» Data shown
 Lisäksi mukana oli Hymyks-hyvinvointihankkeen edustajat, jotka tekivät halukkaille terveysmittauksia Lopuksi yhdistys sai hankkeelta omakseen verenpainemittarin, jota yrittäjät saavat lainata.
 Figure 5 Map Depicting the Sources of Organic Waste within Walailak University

* * *

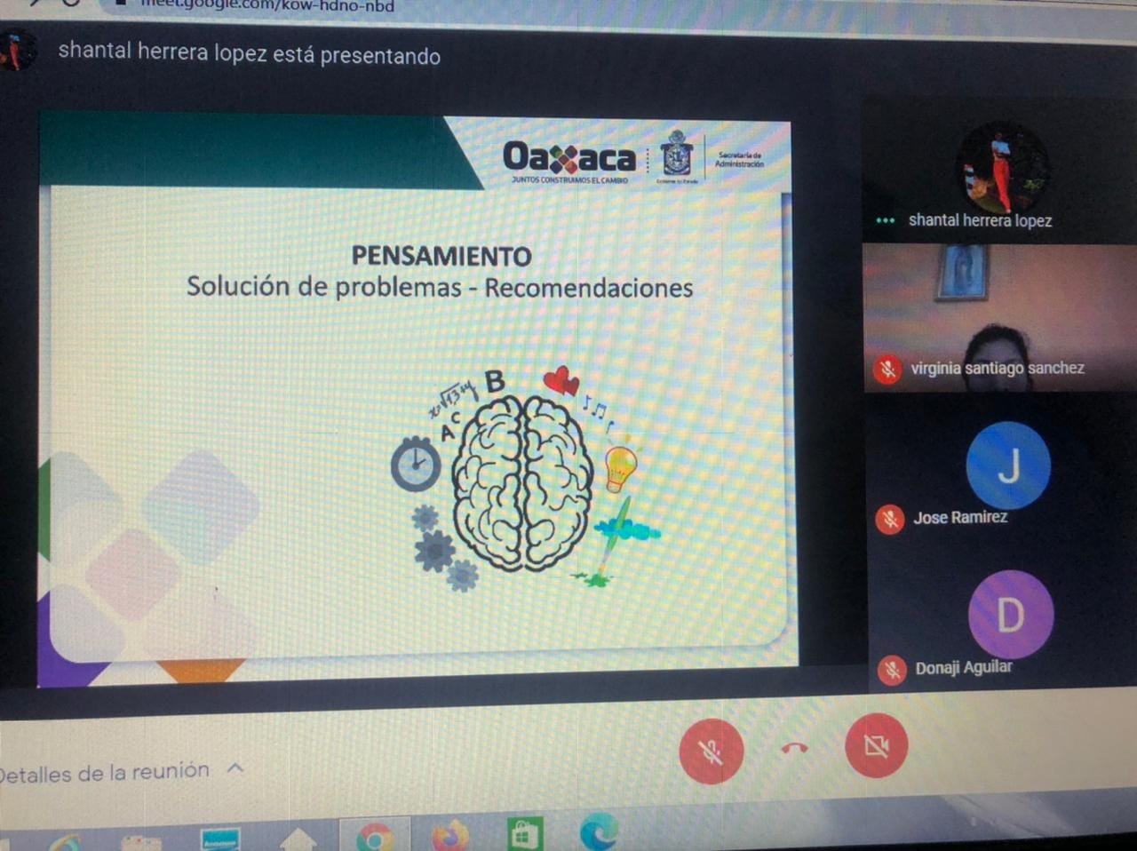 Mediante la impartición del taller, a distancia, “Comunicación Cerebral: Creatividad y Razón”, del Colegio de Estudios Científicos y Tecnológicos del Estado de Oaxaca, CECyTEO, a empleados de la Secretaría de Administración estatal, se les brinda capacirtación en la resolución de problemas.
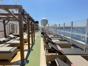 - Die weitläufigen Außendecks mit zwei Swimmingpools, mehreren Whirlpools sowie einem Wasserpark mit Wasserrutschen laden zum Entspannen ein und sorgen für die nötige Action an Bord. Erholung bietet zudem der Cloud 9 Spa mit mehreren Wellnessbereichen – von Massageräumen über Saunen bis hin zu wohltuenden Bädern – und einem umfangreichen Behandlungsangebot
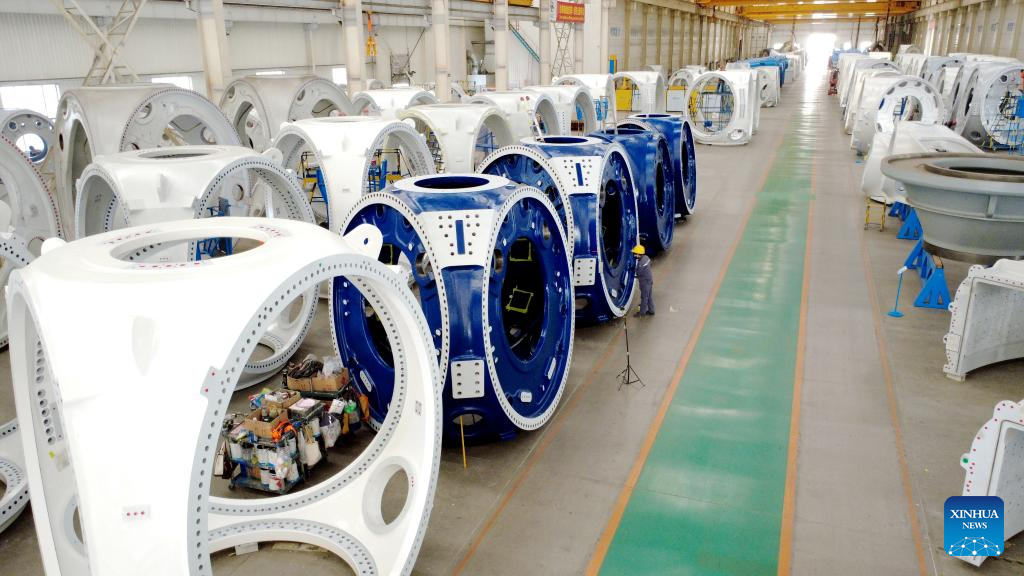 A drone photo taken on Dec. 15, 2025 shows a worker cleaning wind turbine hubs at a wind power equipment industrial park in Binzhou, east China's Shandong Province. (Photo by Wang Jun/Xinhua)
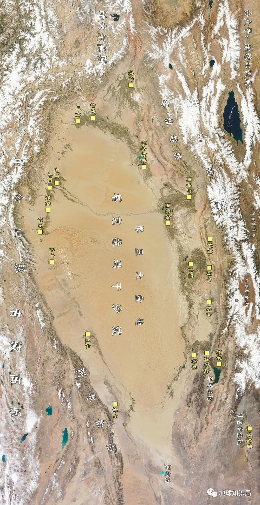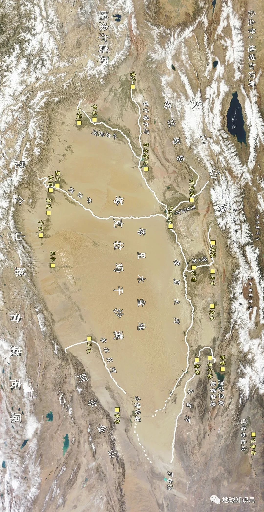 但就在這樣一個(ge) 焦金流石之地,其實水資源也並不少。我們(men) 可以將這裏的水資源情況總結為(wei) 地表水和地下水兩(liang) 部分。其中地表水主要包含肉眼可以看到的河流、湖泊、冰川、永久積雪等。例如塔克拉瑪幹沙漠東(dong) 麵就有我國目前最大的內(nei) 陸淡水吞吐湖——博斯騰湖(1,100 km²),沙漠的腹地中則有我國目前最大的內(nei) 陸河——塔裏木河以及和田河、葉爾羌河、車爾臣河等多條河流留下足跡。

» Work to be completed
Quote word for word only the lines above from the one containing "A drone photo" through the one containing "但就在這樣一個(ge) 焦金流石之地,其實水資源也並不少。我們(men) 可以將這裏的水資源情況總結為(wei)". Pictures stay out of your copy.

» Result below
 A drone photo taken on Dec. 15, 2025 shows a worker cleaning wind turbine hubs at a wind power equipment industrial park in Binzhou, east China's Shandong Province. (Photo by Wang Jun/Xinhua)
 但就在這樣一個(ge) 焦金流石之地,其實水資源也並不少。我們(men) 可以將這裏的水資源情況總結為(wei) 地表水和地下水兩(liang) 部分。其中地表水主要包含肉眼可以看到的河流、湖泊、冰川、永久積雪等。例如塔克拉瑪幹沙漠東(dong) 麵就有我國目前最大的內(nei) 陸淡水吞吐湖——博斯騰湖(1,100 km²),沙漠的腹地中則有我國目前最大的內(nei) 陸河——塔裏木河以及和田河、葉爾羌河、車爾臣河等多條河流留下足跡。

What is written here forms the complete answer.